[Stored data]
═══

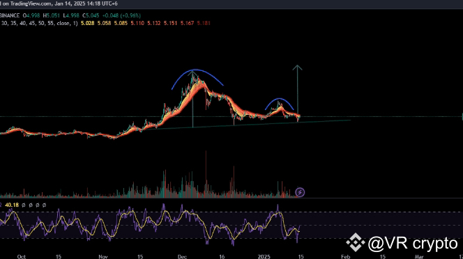 Il grafico EMA indica che il prezzo si sta consolidando vicino al supporto e l'RSI a 48,72 mostra uno slancio neutro, lasciando spazio a un movimento al rialzo. In caso di breakout, il prezzo potrebbe puntare a livelli più alti, intorno ai 6 $ o più, confermando la continuazione del trend rialzista.
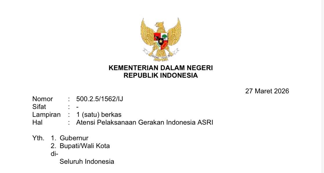 Apresiasi ini diberikan melalui surat Kemendagri RI nomor 500.2.5/1562/IJ tertanggal 27 Maret 2026, yang di tujukan kepada Gubernur, Bupati dan walikota di seluruh Indonesia tentang Atensi Pelaksanaan Gerakan Indonesia ASRI di wilayah masing-masing
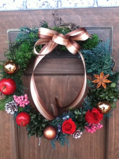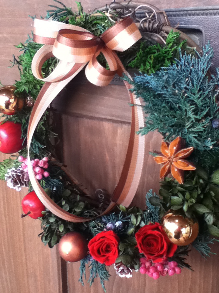 プリザーブドフラワーでご自分でクリスマスリースを作ってみませんか?講習会で好評だったプリザーブドフラワーのクリスマスリース、
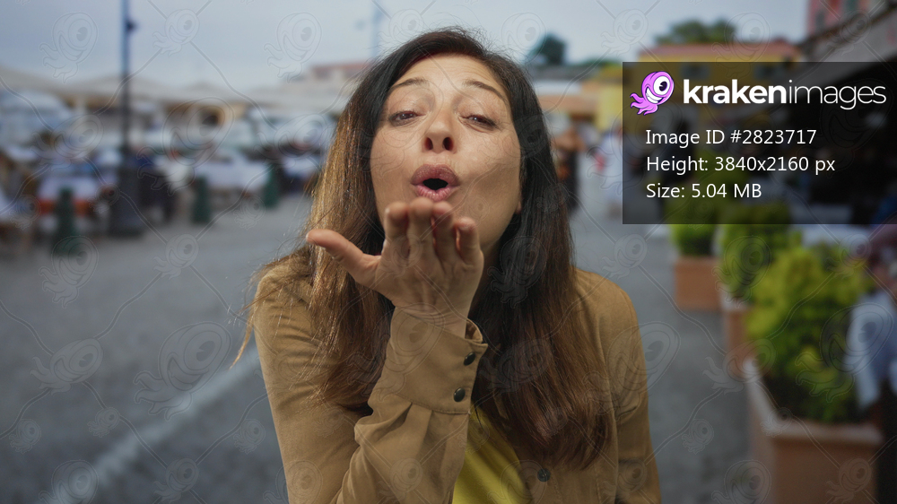 Woman blows kiss showing lips and open hand gesture on busy street lined with cafe tables and potted greenery; greeting warmth affection.
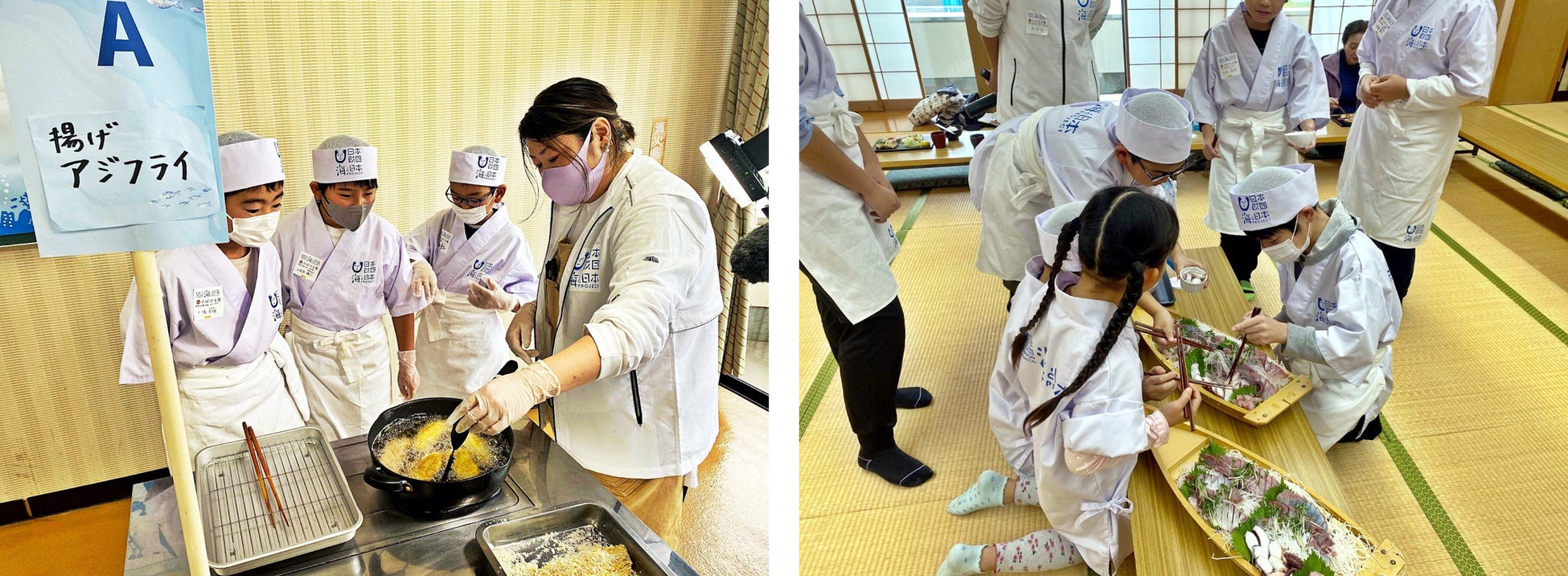 魚さばきでは、基本の「アジ」と、重茂漁業協同組合から届いた「ショッコ※」の三枚おろしに挑戦。(有)魚広の廣田諭宇祐先生が魚さばきのお手本を見せると、子どもたちは自ら包丁を握り、真剣に魚さばきに取り組みました。さばいたショッコの胃から小さなイカが出てきて驚きの声を上げる子や、はじめて丸ごとの魚を触った!とそれぞれ魚と向き合う様子がみられました。魚さばきを体験した子どもたちからは「2種類の魚をさばいて楽しかった」「自分がさばいた魚で家族に料理を振る舞いたい」「お父さんが釣ってきた魚を家でさばきたい」「寿司職人になりたい」といった声があがりました。
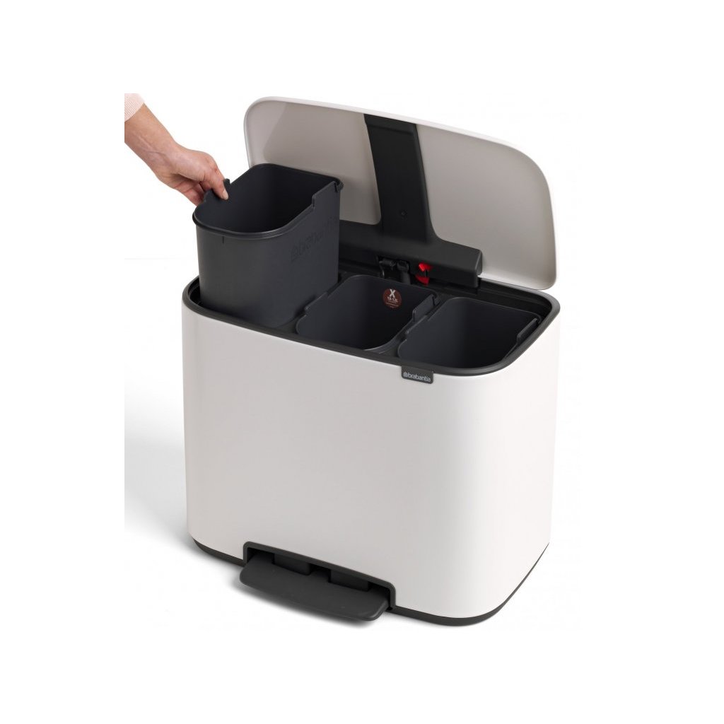 Caixote do lixo com pedal BO 3 x 11 l, branco, Brabantia
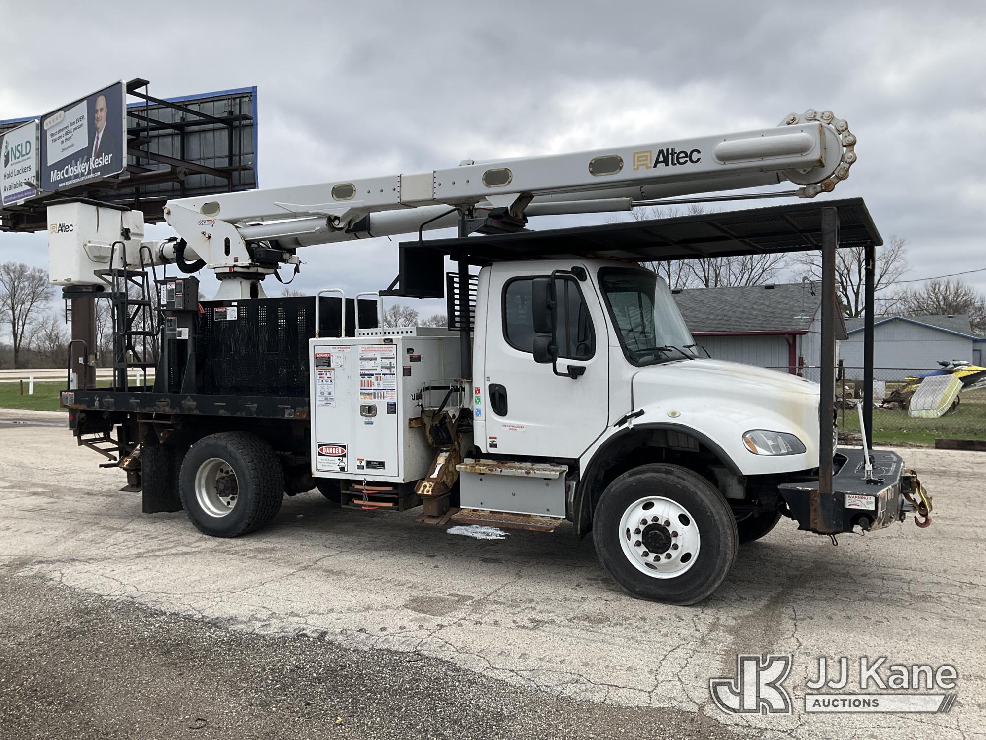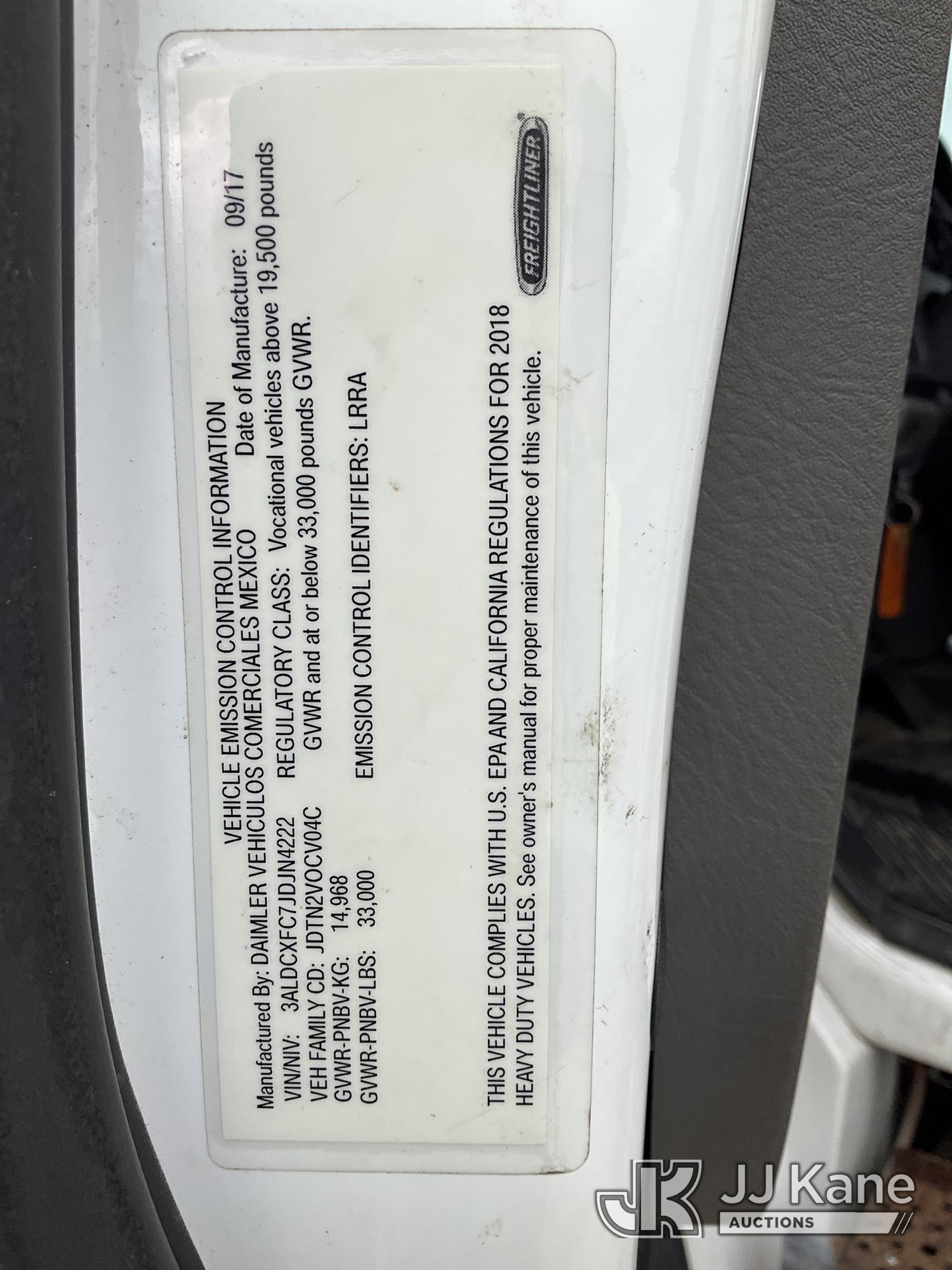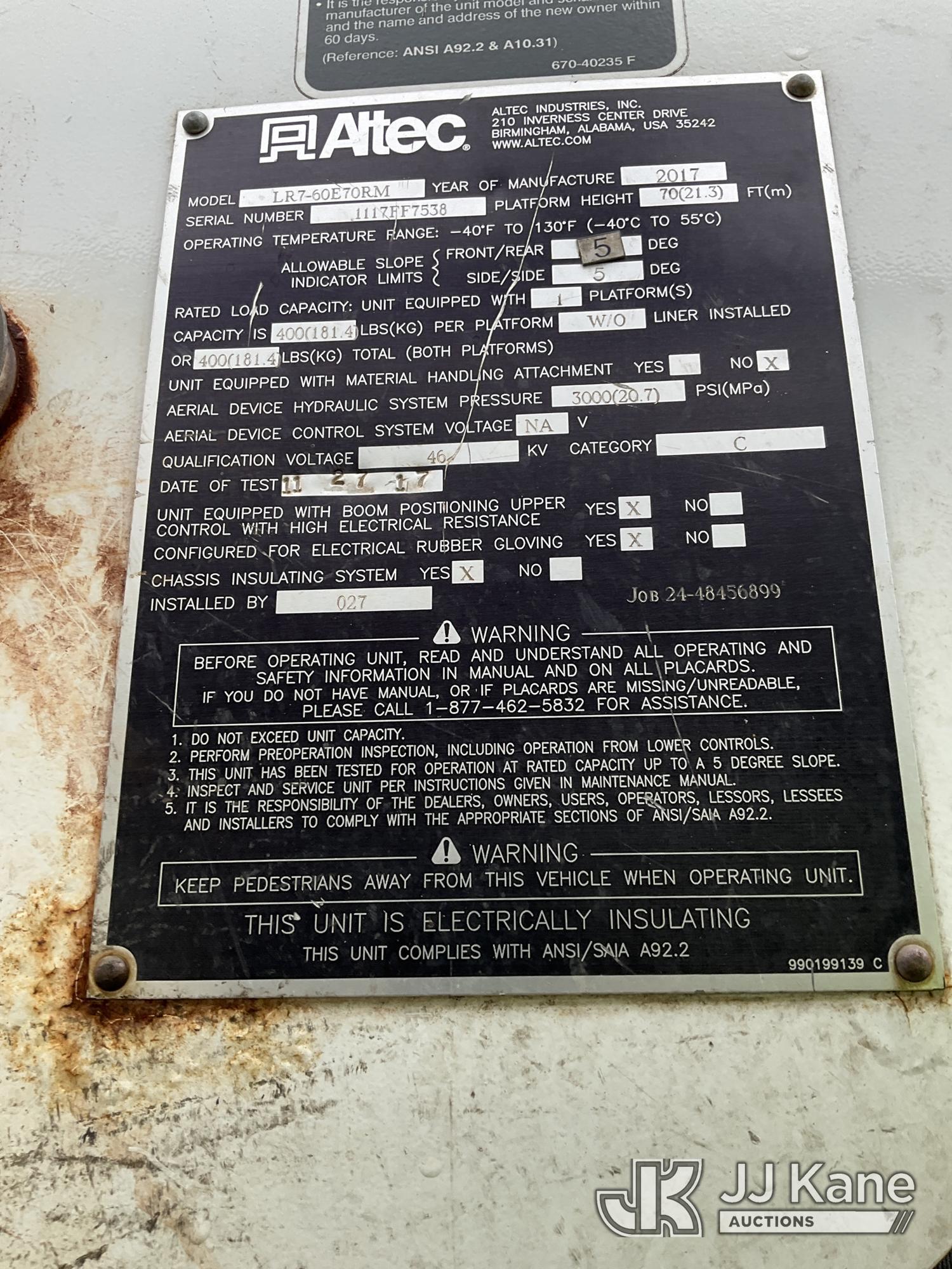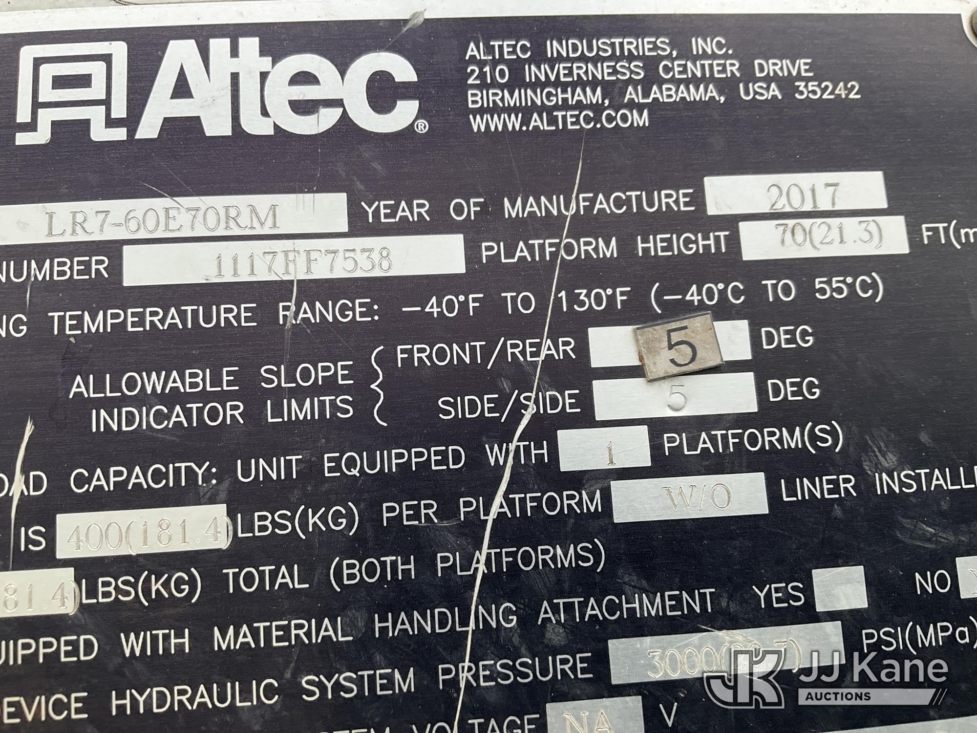 Altec LR7-60E70RM, 75 ft, Over-Center Elevator Bucket Truck s/n 1117FF7538, with Single-Man Bucket, 4 Hydraulic Outriggers, mounted on 2018 Freightliner M2 106 Flatbed/Service Truck, Cummins 6.7L Diesel 6-spd manual, A/C, with front bumper winch, (120,157 miles) (Runs, Moves, Hydraulic System Defect-Do Not Engage PTO, Upper Condition Unknown) (Brake System Non-Operational, Dash Indicator Light On, Windshield Deficiencies) (Seller States-Major repairs needed) (Reads 12,976 hours) This is a Titled Item*
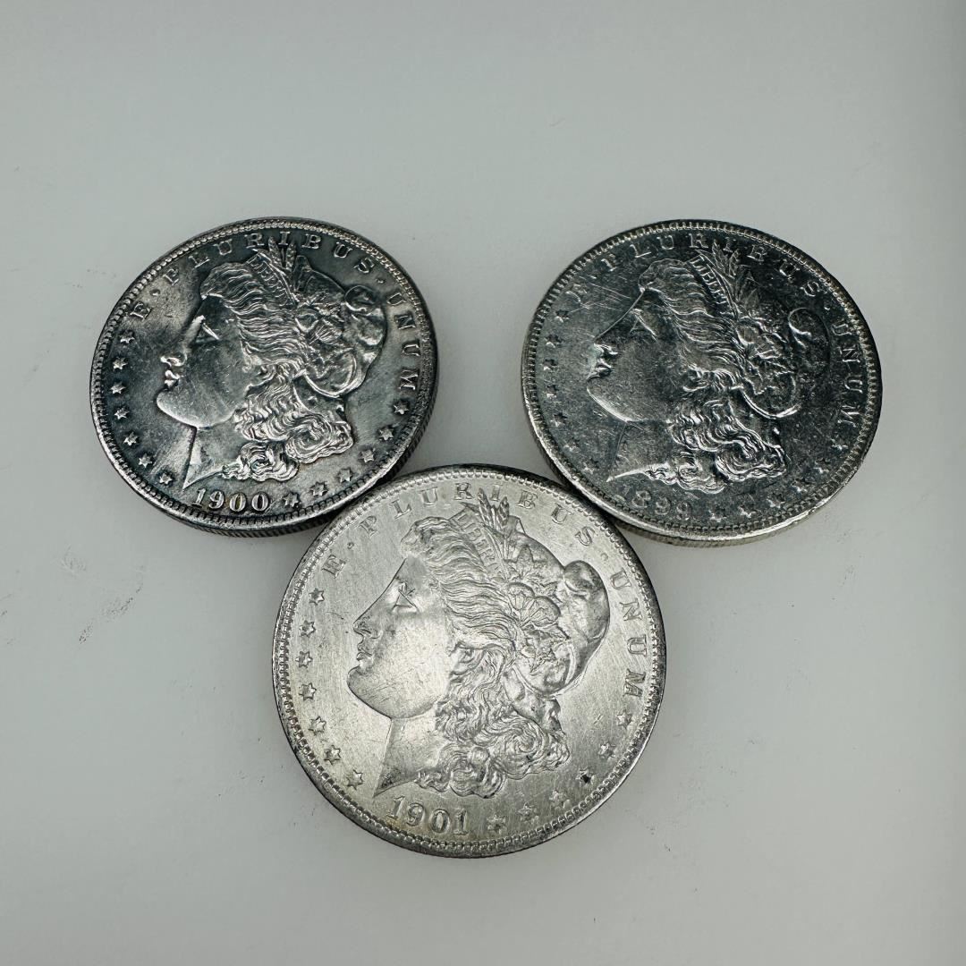 This 1899-1901 Morgan Silver Dollar consecutive set brings together three iconic years of turn-of-the-century coinage. With VG+ grading, these coins boast both aesthetic appeal and historical significance. A fine choice for collectors who appreciate the enduring legacy of Morgan dollars.

═══

**Description of the task:** With pictures omitted, reproduce exactly the lines from the line containing "Caixote do lixo" through the end of the data above.

**Task output:**
 Caixote do lixo com pedal BO 3 x 11 l, branco, Brabantia
 Altec LR7-60E70RM, 75 ft, Over-Center Elevator Bucket Truck s/n 1117FF7538, with Single-Man Bucket, 4 Hydraulic Outriggers, mounted on 2018 Freightliner M2 106 Flatbed/Service Truck, Cummins 6.7L Diesel 6-spd manual, A/C, with front bumper winch, (120,157 miles) (Runs, Moves, Hydraulic System Defect-Do Not Engage PTO, Upper Condition Unknown) (Brake System Non-Operational, Dash Indicator Light On, Windshield Deficiencies) (Seller States-Major repairs needed) (Reads 12,976 hours) This is a Titled Item*
 This 1899-1901 Morgan Silver Dollar consecutive set brings together three iconic years of turn-of-the-century coinage. With VG+ grading, these coins boast both aesthetic appeal and historical significance. A fine choice for collectors who appreciate the enduring legacy of Morgan dollars.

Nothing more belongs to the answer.